Napoli, poco ascolto alle chiacchiere pensando al futuro

Napoli, poco ascolto alle chiacchiere pensando al futuro

All’Ombra del Vesuvio non si vende ma si acquista…
Il Napoli non vende ma compra come prassi di un club che tende a crescere nel tempo ed a posizionarsi sempre più in alto nel panorama calcistico nazionale ed europeo.
La voci che riferiscono di una probabile partenza da Napoli, a giugno, di Lavezzi con destinazione Milano versante Inter non trovano, per il momento, alcuna conferma e la fantasiosa idea che Massimo Moratti abbia lasciato campo libero all’amico Aurelio De Laurentiis per l’acquisto di Eduardo Vargas onde poter poi prelevare il Pocho e portarlo all’ombra della ‘Madunina’ lascia il tempo che trova.

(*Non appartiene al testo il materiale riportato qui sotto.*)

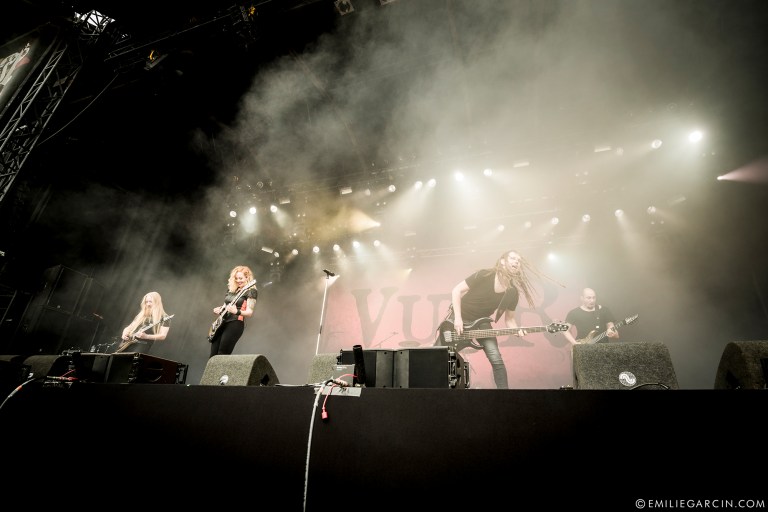 Si le premier groupe souffrait quelque peu de l’horaire qui lui avait été attribué, il n’en est rien pour VUUR, qui attire en un clin d’œil une foule dense, tandis que les musiciens commencent à s’installer. Il faut dire que la chanteuse de ce tout nouveau groupe n’est autre que la grande Anneke Van Giersbergen, qu’on ne présente plus, et pour qui le Dynamo est loin d’être inconnu, puisqu’elle a pu y participer en 1996 et 1999 avec les excellents The Gathering. En outre, la talentueuse artiste demeure une grande favorite des metalleux, que ce soit sur sa terre natale ou ailleurs dans le monde !
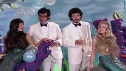 That night at the bar, Bret and Jemaine are invited to sit with the members of the North Jersey University Women's Water Polo team. After finding out they are in a band, the women ask for their autographs and suggest partying in the boys' room. Bret and Jemaine head upstairs first and, on the way up to their room, sing "Mermaid".
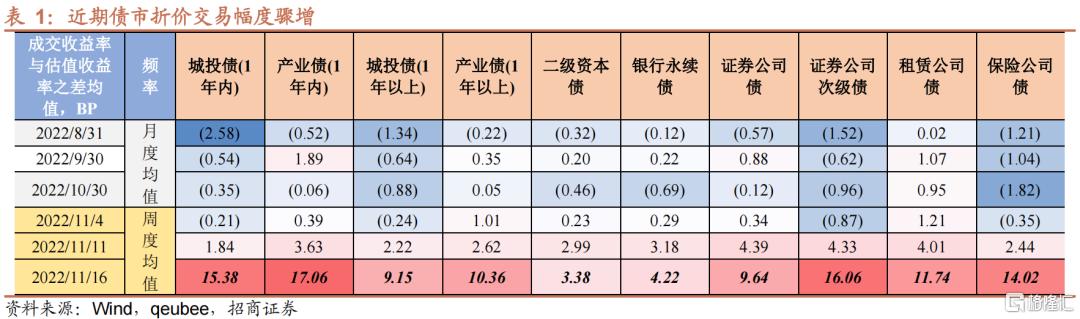 意料之外的是,这一防御力度是远不足够的。10月开始,资金中枢上抬,顺势带动存单收益,而防疫政策优化与地产行业纾困政策密集出台,无疑进一步撼动了债市投资者的信心。11月以来,10年国债估值收益上行幅度近19bp,票息资产更是在近期出现了罕见的流动性践踏,两点证据得以说明:第一,折价成交惊人。一方面,流动性偏弱的城投债和产业债,90%左右的交易都以折价形式达成。另一方面,11月14日开始,1年期以内票息资产成交与估值平均差值骤升至15bp以上(截至11月16日),包括证券次级债和保险公司债等都出现“砸盘”。要知道8月至10月,债市抢配才是主流,低估值配置是常态。
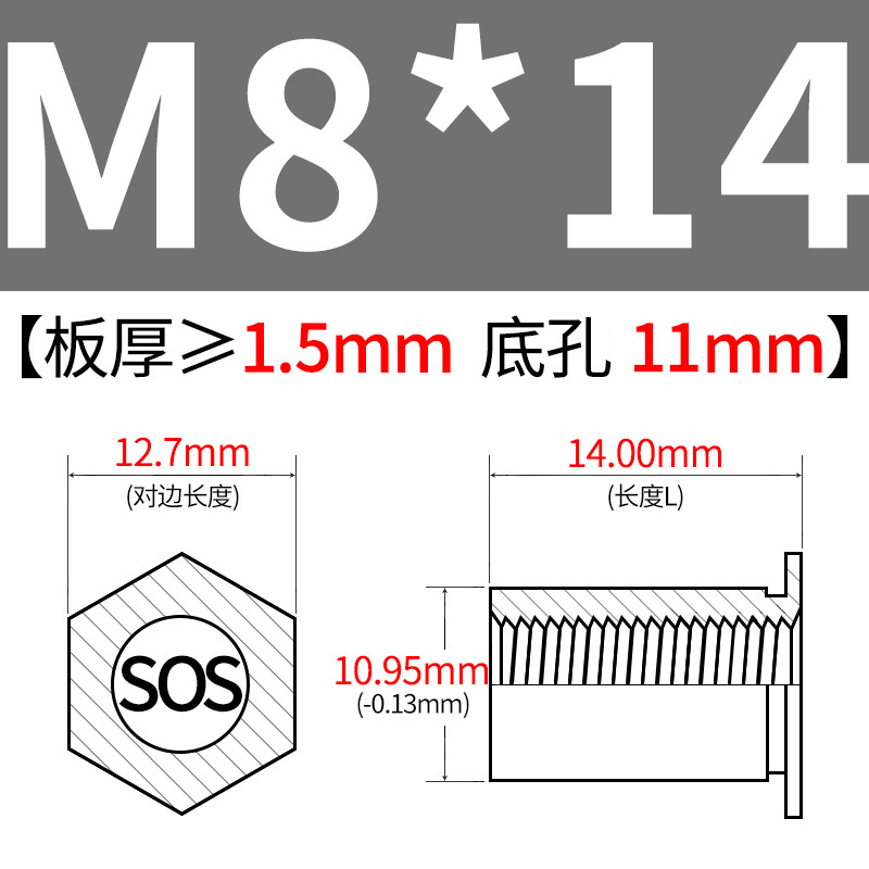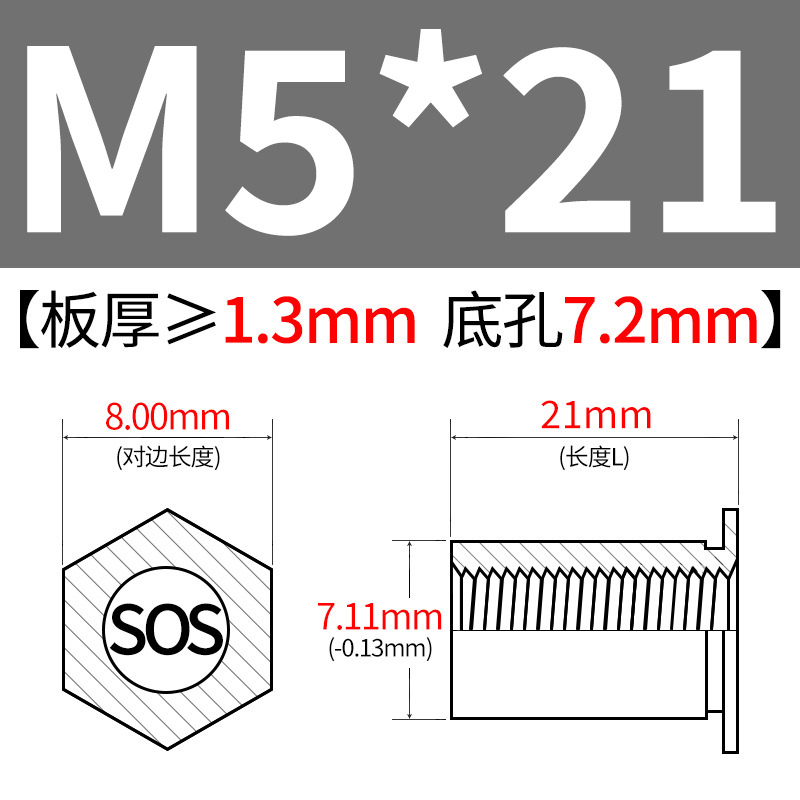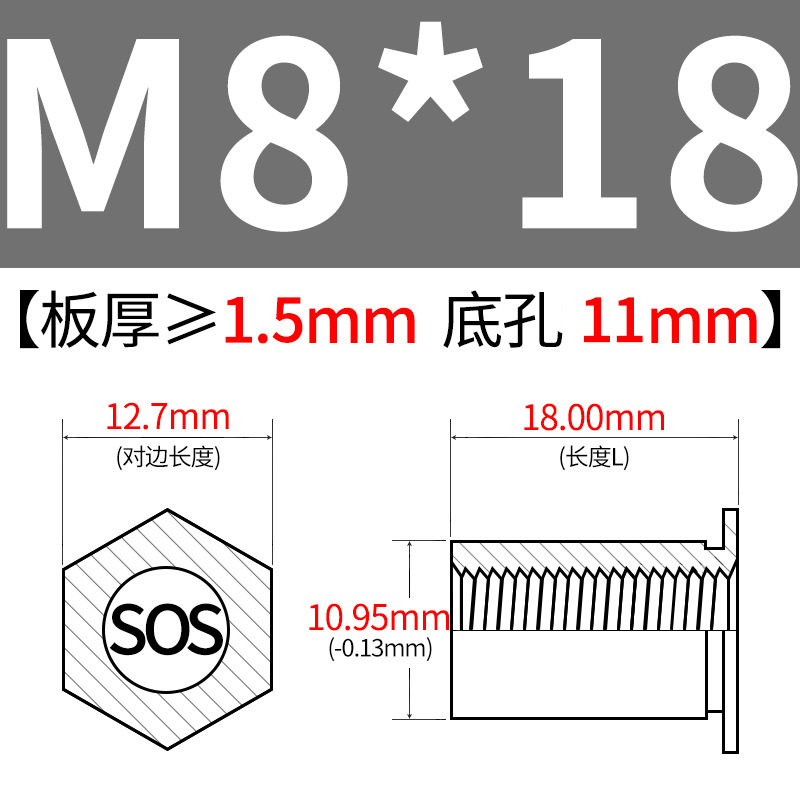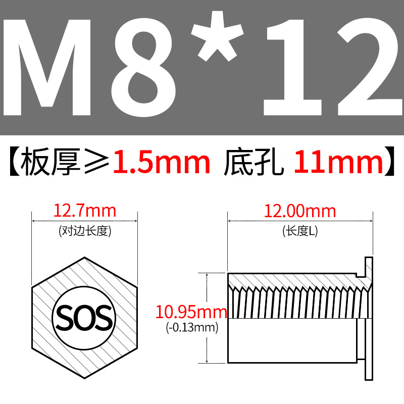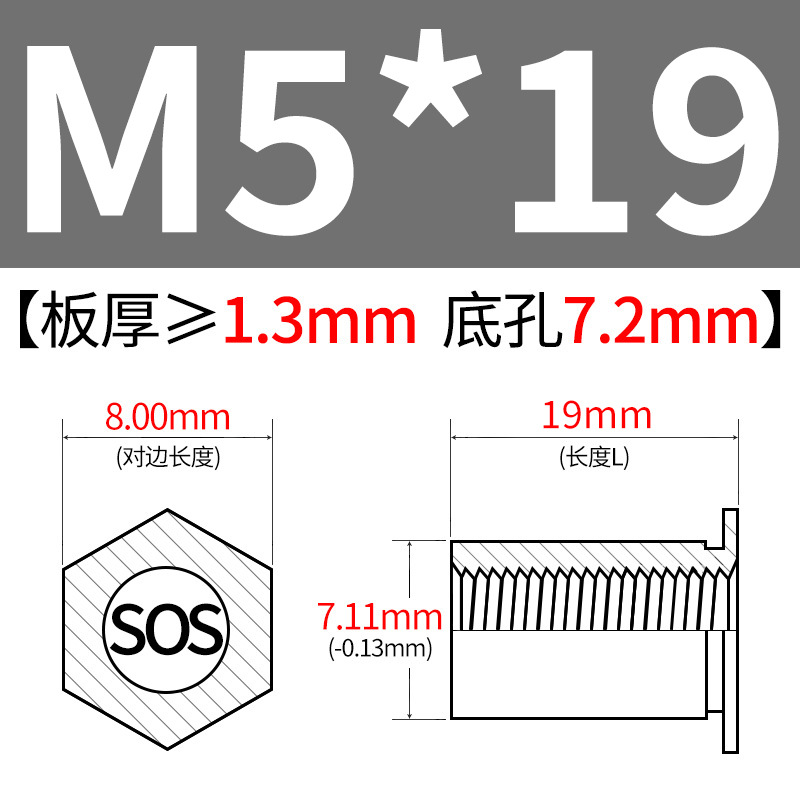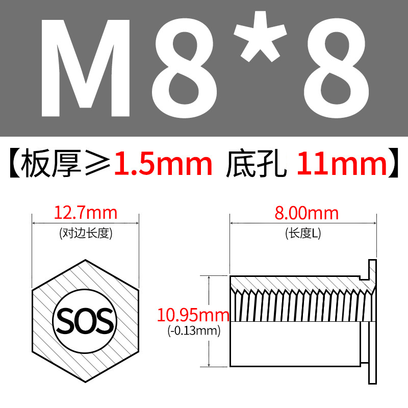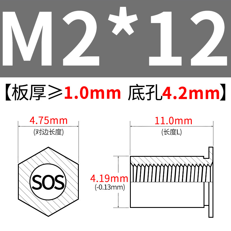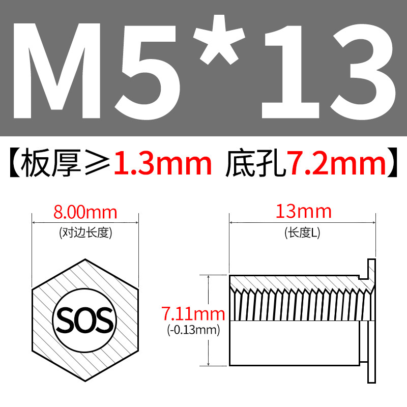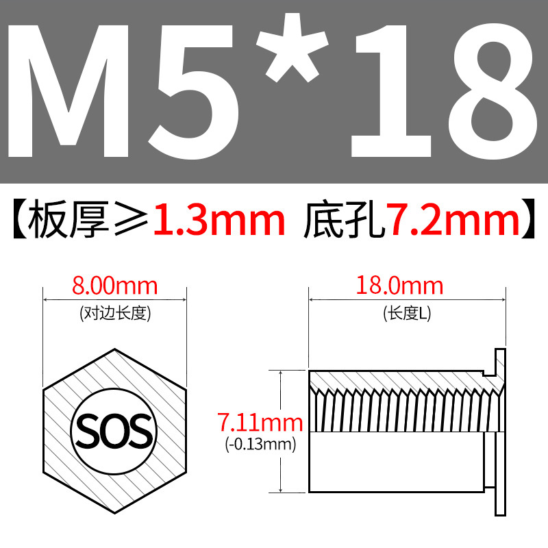 스테인레스 스틸 구멍 리벳 스터드 육각형 리벳 칼럼 리벳 너트 칼럼 압력 플레이트 SOS-M2M2.5M3M4M5M6M8스토어 가기

Diego Nappi, esperto di mercato e procuratore di calciatori, intervenuto ai microfoni di Marte Sport Live trasmissione in onda sulle frequenze di Radio Marte, parla invece di un probabile acquisto da parte della società partenopea: Borja Valero, centrocampista del Villarrel più volte accostato al club di De Laurentiis. Come riferito da AreaNapoli.it, Nappi commenta l’arrivo di Vargas nella squadra azzurra ed il futuro di Valero: “Credo che la partita più importante del 2011 sia stata quella contro il Manchester City, la partita d’andata che ha fatto capire al Napoli che poteva dire la sua in Champions -afferma Motta- Vargas? Mauricio Pinilla è un mio assistito e ne parla praticamente benissimo di questo ragazzo, si dice sia il futuro della nazionale cilena. Borja Valero? Per adesso resta lì, sappiamo benissimo che il Villarreal non se la passa in maniera florida, ma il giocatore ha un costo importante e quindi di un suo trasferimento se ne parlerà solo a giugno”.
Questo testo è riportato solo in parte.